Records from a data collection
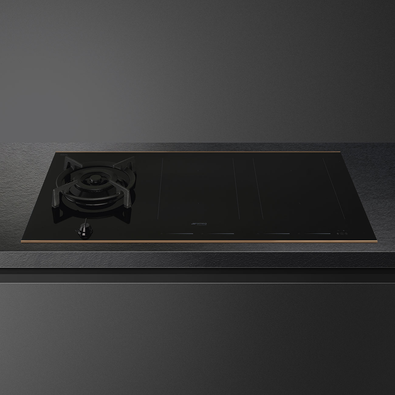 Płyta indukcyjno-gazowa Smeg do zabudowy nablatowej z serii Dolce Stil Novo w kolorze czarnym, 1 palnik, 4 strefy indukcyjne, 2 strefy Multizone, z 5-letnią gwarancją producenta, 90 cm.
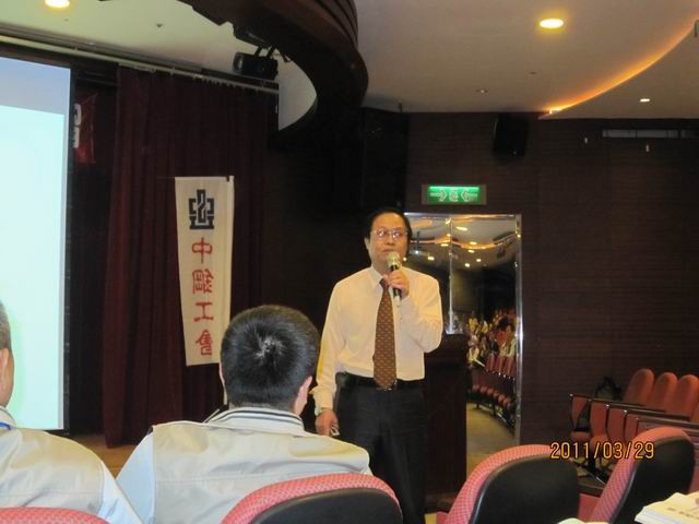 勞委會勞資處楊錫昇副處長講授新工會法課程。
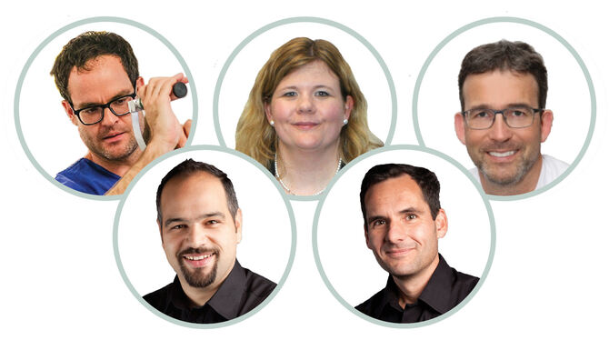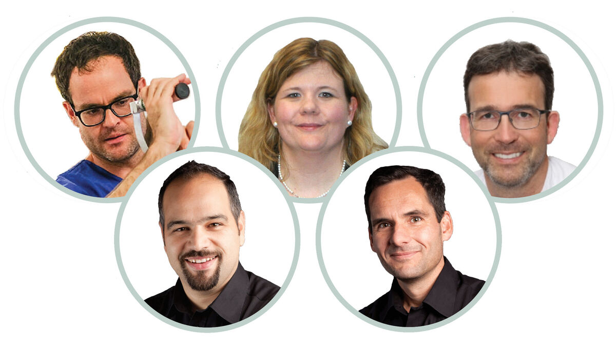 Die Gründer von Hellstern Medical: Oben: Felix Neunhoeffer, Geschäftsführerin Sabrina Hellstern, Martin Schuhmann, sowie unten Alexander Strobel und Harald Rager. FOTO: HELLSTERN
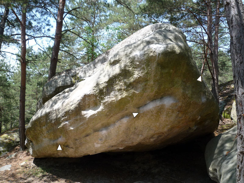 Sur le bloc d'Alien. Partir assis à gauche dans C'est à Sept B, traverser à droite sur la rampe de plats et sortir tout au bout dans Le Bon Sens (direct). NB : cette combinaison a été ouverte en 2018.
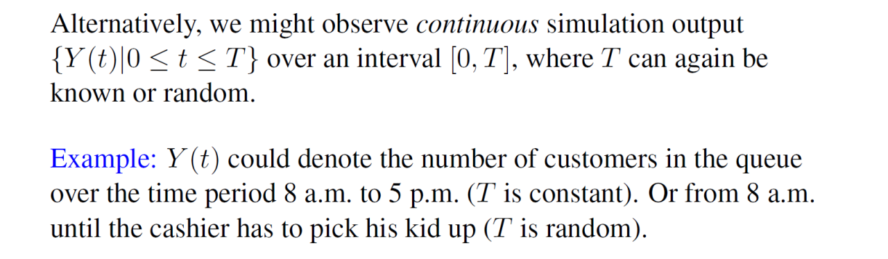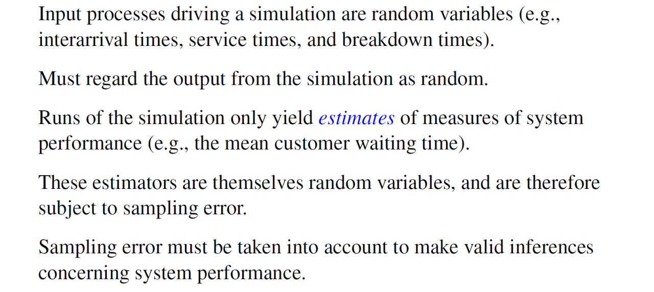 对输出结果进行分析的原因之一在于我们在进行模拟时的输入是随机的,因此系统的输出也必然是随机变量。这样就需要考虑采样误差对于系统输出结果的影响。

TASK DETAILS: The answer should contain only the lines from the start of the records above through the line with "勞委會勞資處楊錫昇副處長講授新工會法課程。", copied exactly, and no pictures.

RESULT OF THE TASK:
 Płyta indukcyjno-gazowa Smeg do zabudowy nablatowej z serii Dolce Stil Novo w kolorze czarnym, 1 palnik, 4 strefy indukcyjne, 2 strefy Multizone, z 5-letnią gwarancją producenta, 90 cm.
 勞委會勞資處楊錫昇副處長講授新工會法課程。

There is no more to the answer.